Bronson: Yeah, you know, I was talking about it kind of, you know, away from the actual problems. It all sounds so easy. But then when you’re in the board meeting, it’s messy. Businesses are messy. So you’re absolutely right about all that stuff. So you right Facebook after Tim join you know you’ve already mentioned some of this, but how does being a Facebook change your perspective on growth? And you’ve already mentioned, you know, they just realize they’re there to win, they’re there to dominate. They’re there to get, you know, not 1 billion, but all of the billion of people, you know, on there. How else does being a Facebook kind of change you as an individual in the way you think about growth now?

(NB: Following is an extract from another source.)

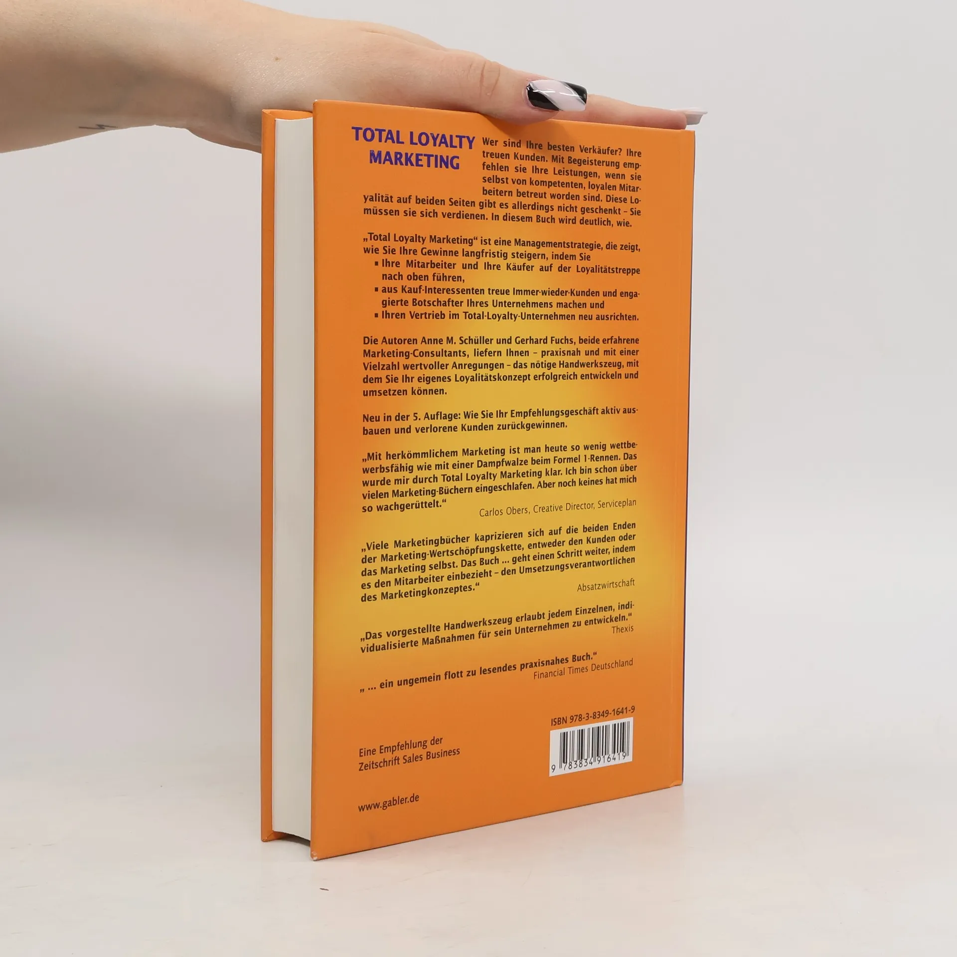 "Total Loyalty Marketing" ist eine Managementstrategie, die zeigt, wie Unternehmen ihre Gewinne langfristig steigern, indem sie ihre Mitarbeiter und ihre Käufer auf der Loyalitätstreppe nach oben führen, aus Kauf-Interessenten engagierte, aktive Botschafter ihres Unternehmens machen und ihren Vertrieb neu ausrichten. Die 5. Auflage wurde um die Themen Empfehlungsmarketing und Kundenrückgewinnung erweitert und ist aktueller denn je.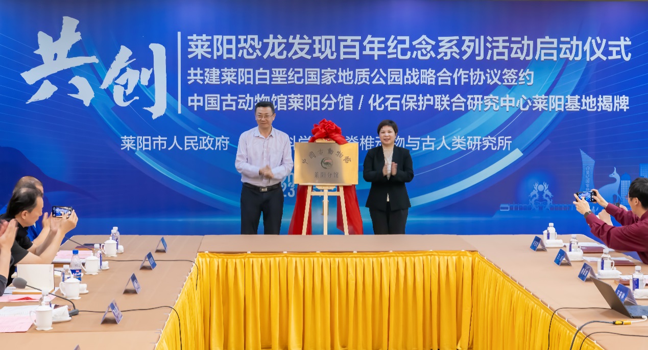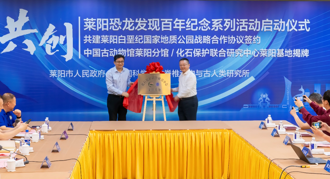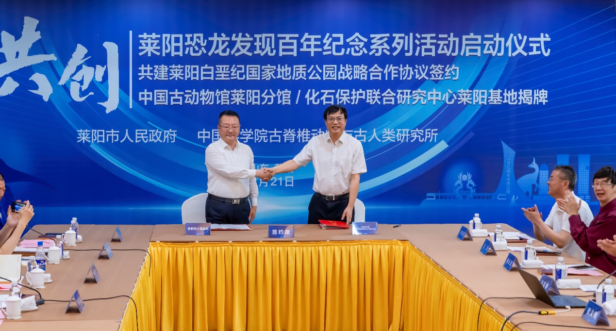 5月21日,古脊椎所与莱阳市委市政府联合举办莱阳恐龙发现百年纪念系列活动启动仪式并签署战略合作协议,古脊椎所党委书记、所长邓涛、汪筱林研究员、科技处张翼处长、古动物馆王原馆长等出席仪式。周忠和院士、徐义刚院士带队的国家自然科学基金委基础科学中心项目专家团队在莱阳进行野外科考期间参加本次活动。

Ivan: I thought that one of the most illustrative points was when we knew we had, you know, not everyone works on growth of Facebook, right? They have like separate data science teams. And I was working just on the credit side, but the most fascinating aspect was thinking about growing the credits product, using the same tools that the rest of Facebook growth as a whole used. You know, so when you think about active users, then that becomes like active payers. And if you have some re-engagement hook like somebody tagged in a photo, maybe there’s something we could do like somebody else. You played a game you might like or something like that. Some, some of that gets you back into using the product. And then that, that was really fascinating because it shows how abstracted all these ideas are and that means that they can be applied in company. And so it’s very easy to think about just specific tactics within a company that that works for them. But seeing even within a single company, that approach applied to multiple products. Another example is their advertising products. So when you if you’ve probably most people watching this have like run an ad campaign on Facebook and if you’ve ever received a email newsletter from them, that is equivalent to being tagged in a photo on Facebook. But as an advertiser, not as a as a just a normal user. And they think about it in the same way and they drive their metrics the same way. So that’s really fascinating. I think that they just had their heads on straight about how they build things really like just humble and going from first principles. And because of that, they found, I think, a framework that works across different kinds of products, which is fascinating.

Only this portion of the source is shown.